Point, click, repeat

Hommage au studio Aardman et à Wes Anderson, les visuels de Trüberbrook croisent stop-motion et jeu vidéo. Une miniature fascinante, mais sans âme.

Du papier kraft, de la colle et des ciseaux. Comme en témoigne The Dream Machineet Yoshi’s Crafted World, le jeu vidéo rêve parfois de bricolage et d’artisanat. Filmé en stop-motion, le monde et les personnages d’argile de The Neverhood poussaient cette logique à l’extrême en 1996. Ce point & click gorgé d’énigmes surréalistes brille aujourd’hui comme un collector vu sa rareté (42 000 copies vendues) et son anachronisme (l’époque était aux polygones 3D). Si TheNeverhood a nécessité trois tonnes de glaise et des décors gigantesques pour sa réalisation, Trüberbrook a en partie été modélisé sur ordinateur. Mais il célèbre lui aussi l’art du fait main.

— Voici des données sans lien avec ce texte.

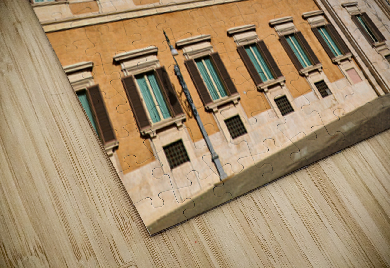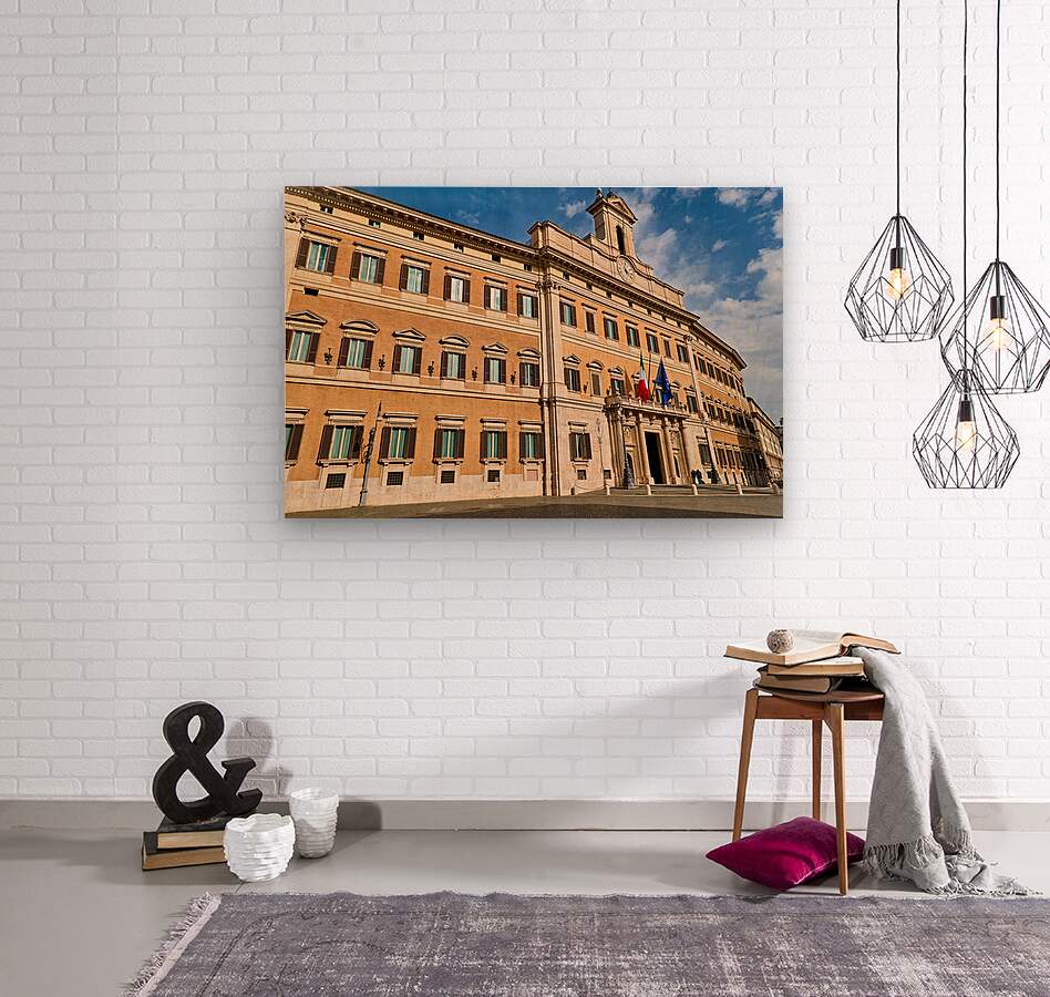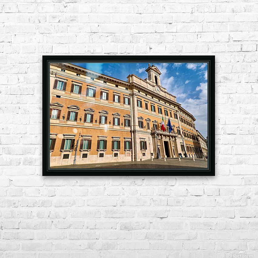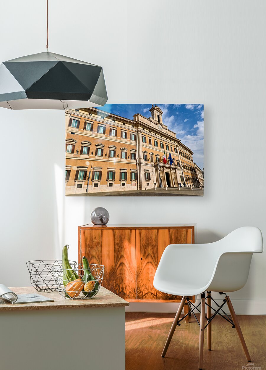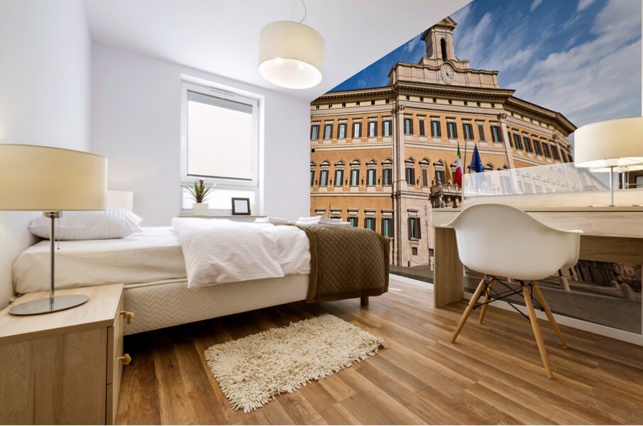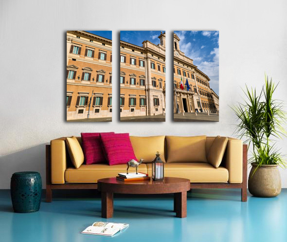 The image shows Palazzo Montecitorio in Rome. People walk near the building. Flags are displayed on the façade.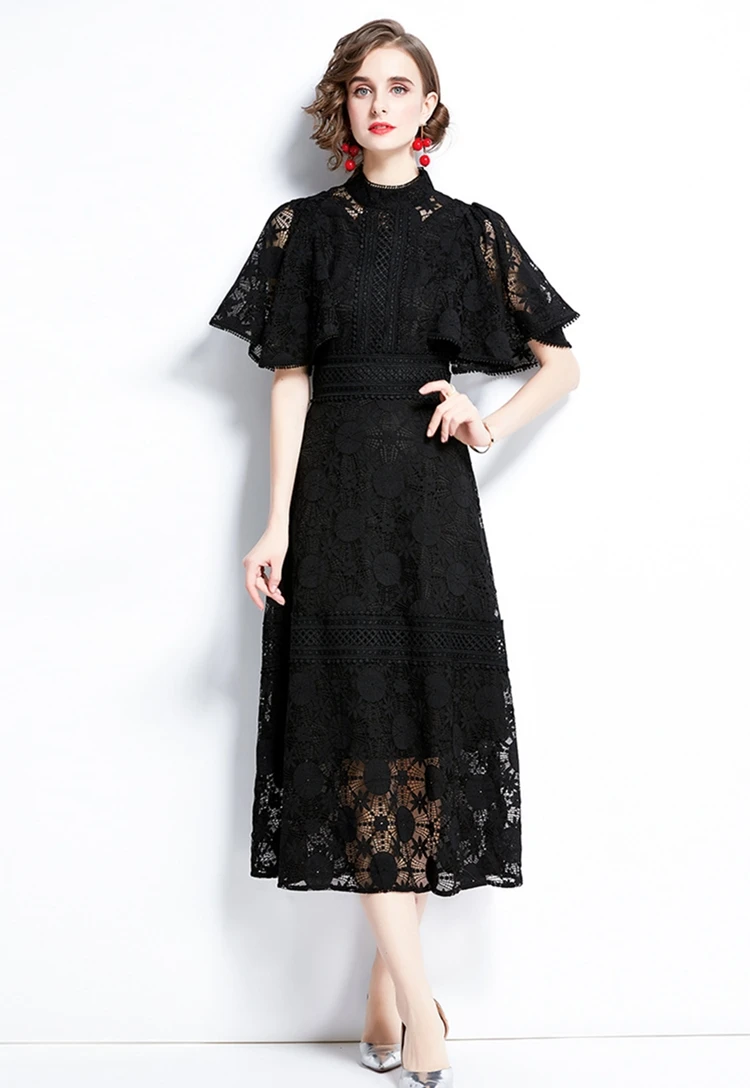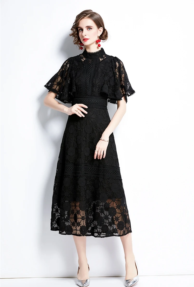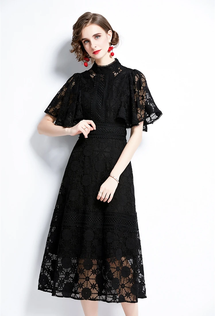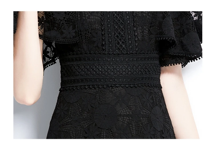 Fleepmart Women Summer Elegant Lace Dress Festa High Quality Long Office Party Robe Femme Runway Vintage Designer Black Vestidos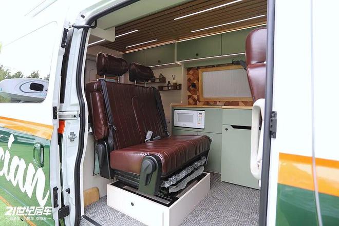 进入生活区,VanLife风扑面而来,云岫绿的家具配合美式复古皮质座椅给人一种蜗居的踏实感。宿营车的核心优势在于空间利用率,通过座椅与床的灵活组合,实现通勤、休憩、睡眠多种场景切换。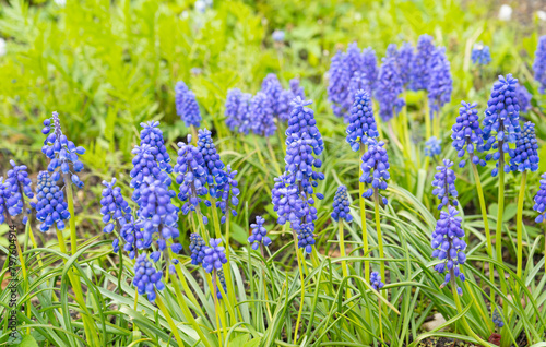 First spring flowers blue muscari in the garden. Grape hyacinth or bluebells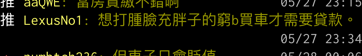 → orzzz : 麼好嘴的,車主自己有自己的財務規劃都尊重 10/23 23:36
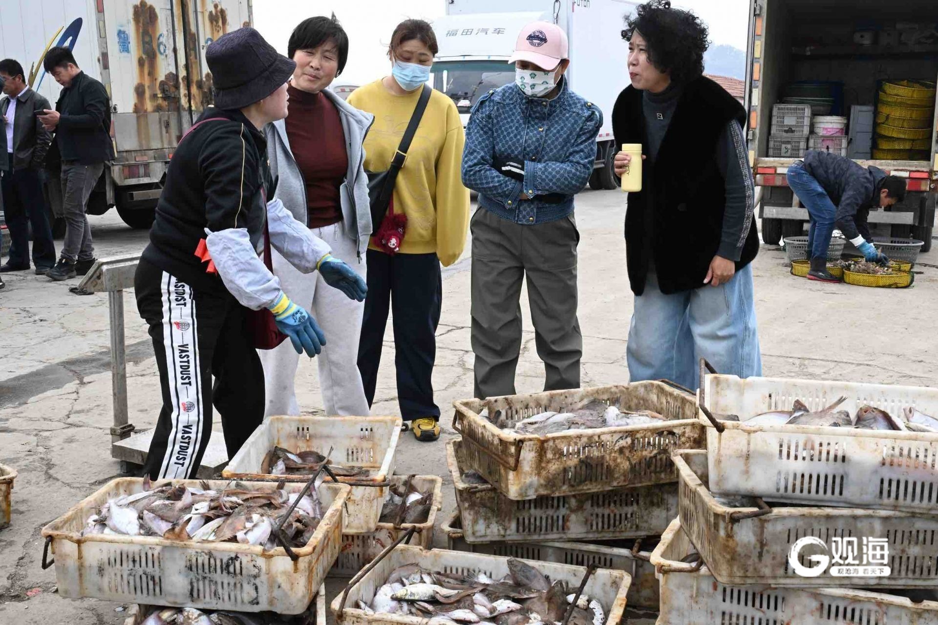来自海阳市辛安镇台子头村的海鲜商贩徐冰波是栲栳码头的“常客”,当天上午9点多,他就驾驶着海鲜保鲜车早早抵达码头,抢占最佳交易位置。“就等着渔船靠岸,第一时间收最新鲜的货。”徐冰波说道。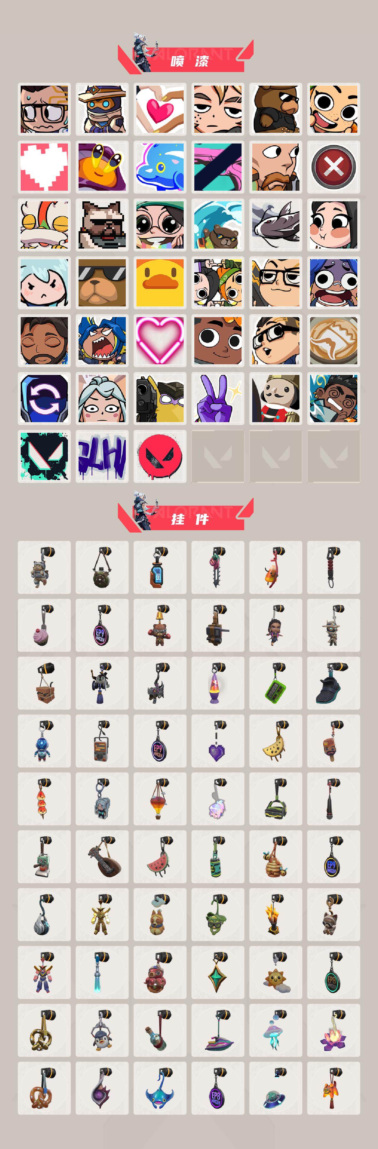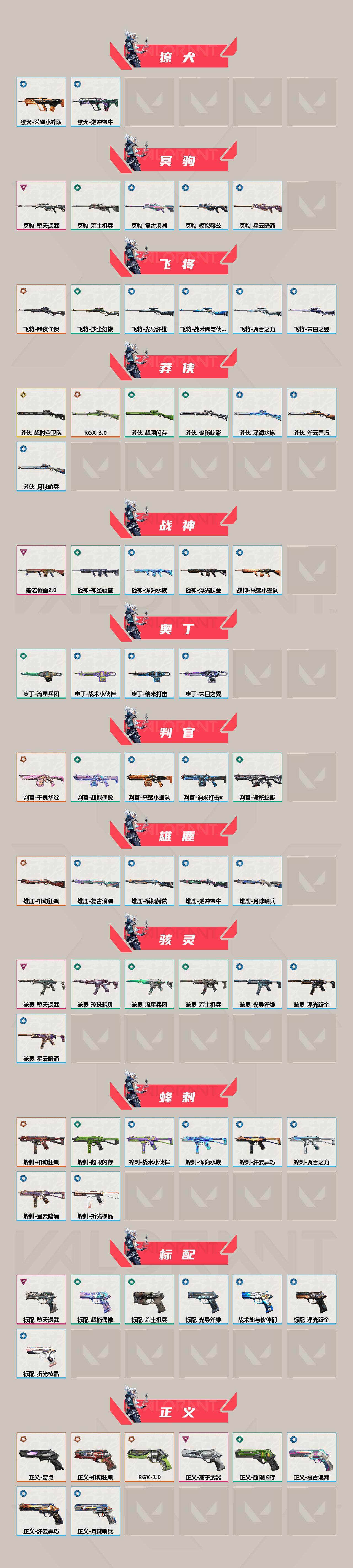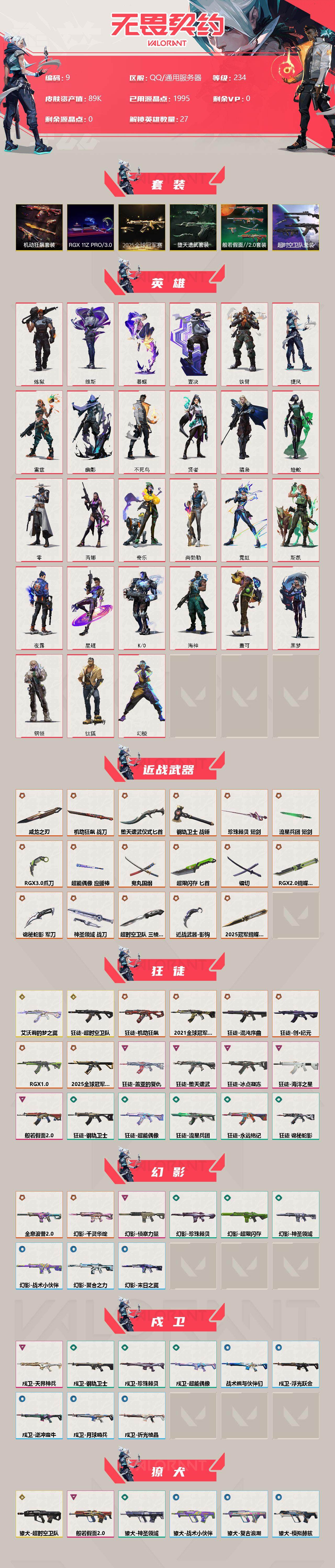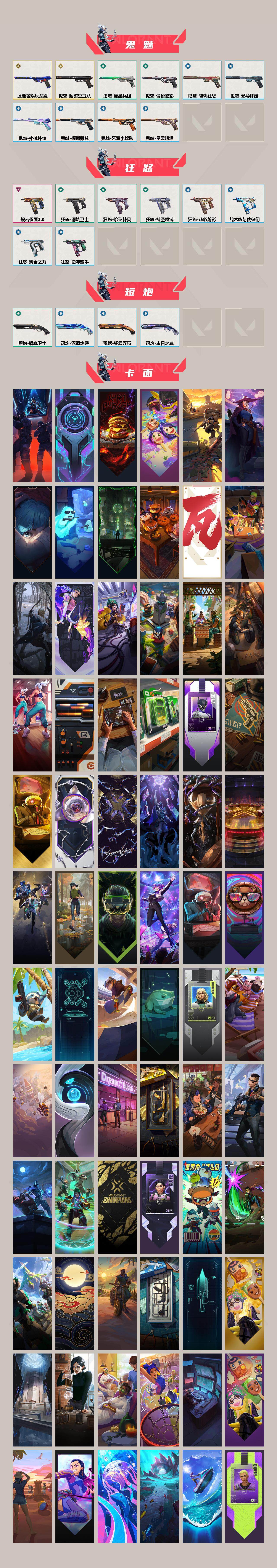 - [12959850]【英雄】:炼狱,维斯,捷风,雷兹,不死鸟,贤者,猎枭,星礈 【幻影】:幻影-侦察力量 【卡面】:代号红色 卡面,新兵报到 卡面,V契约 卡面,无畏契约 卡面 【喷漆】:胜利属于无畏契约 喷漆,GLHF 喷漆,无畏契约 喷漆 【挂饰】:无畏契约 纪念币 挂饰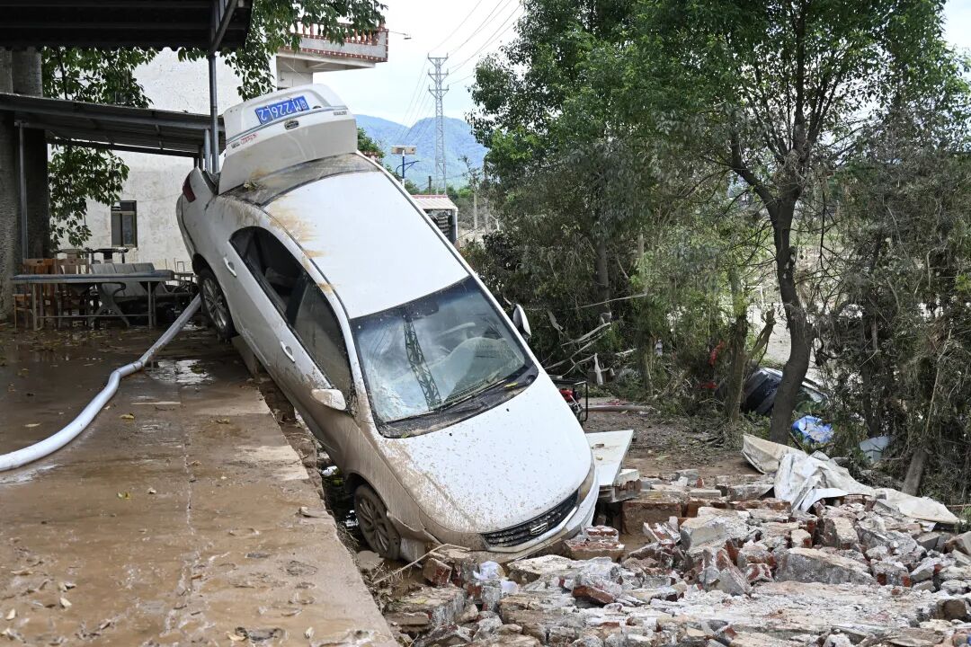 6月19日,广东省梅州市蕉岭县福岭村一车辆受损。中新社记者 陈楚红 摄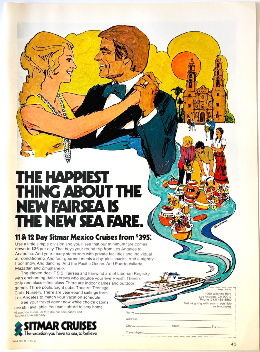 1972 Sitmar Fairsea Cruise Ship Advertisement Vintage Mexico Cruises DWW10E

Baigné de sépia, Trüberbrook plonge dans l’Allemagne rurale de la fin des années 60. L’esthétique de Wes Anderson est invoquée par ce point & click. Dès le générique d’ouverture, un travelling suit l’ascension d’un autocar sur une montagne en carton-pâte. Cette approche visuelle évoque avec bonheur L’Île aux chiens et Fantastic Mr. Fox. Jeune physicien américain, Hans Tannhauser y découvre un village haut perché, peuplé d’habitants loufoques. Cet « Américain en Europe » claudique entre le Monkey Island de LucasArt et les Chevaliers des Baphomet de Charles Cecil. Hélas, il peine à porter l’héritage de ses illustres pères.

Plongé dans une conspiration, Trüberbrook revendique une parenté avec Twin Peaks et X-Files. Souris en main, il déballe une galerie de personnages à l’intérêt inversement proportionnel à son esthétique. On ne comprend ainsi pas ce qui motive son héros à s’allier avec une cliente autoritaire de son hôtel. D’une réceptionniste qui prête une canne à pêche en échange d’un sex-toy à un vieil homme acariâtre, le splendide théâtre de miniatures ouvre des pistes qu’il n’explore pas. Sarcasmes et plaisanteries tombent très souvent à plat.

Petits bricolages entre amis

Déballant des énigmes à base d’objets à trouver et à utiliser dans ses décors, Trüberbrook se solde par des séances de ramassage compulsif. La plupart des énigmes coulent de source. Mais elles s’étalent parfois sur un nombre excessif de tableaux, pour un jeu de piste insondable. D’une clef cachée dans une gouttière à un aliment planqué dans un buffet, saisir tous les détails du contexte relève de la gageure. Les allergiques à la chasse aux pixels en seront pour leurs frais. Le gameplay permet heureusement de mettre en lumière tous les objets avec lesquels on peut interagir.

Florian Kühne, l’initiateur de Trüberbrook, nous expliquait l’an dernier dans les allées de la Gamescom de Cologne que les graphismes de Trüberbrook entendaient apporter une touche humaine à la nature digitale du jeu vidéo. D’un ciel étoilé surplombant les néons d’une station-service au travelling d’un labo secret, son résultat brille de mille feux. Dommage que sa narration et son gameplay s’y soient consumés.

Trüberbrook

Édité par Headup Games et développé par btf, âge: 12+, disponible sur PC, PlayStation 4, Nintendo Switch et Xbox One.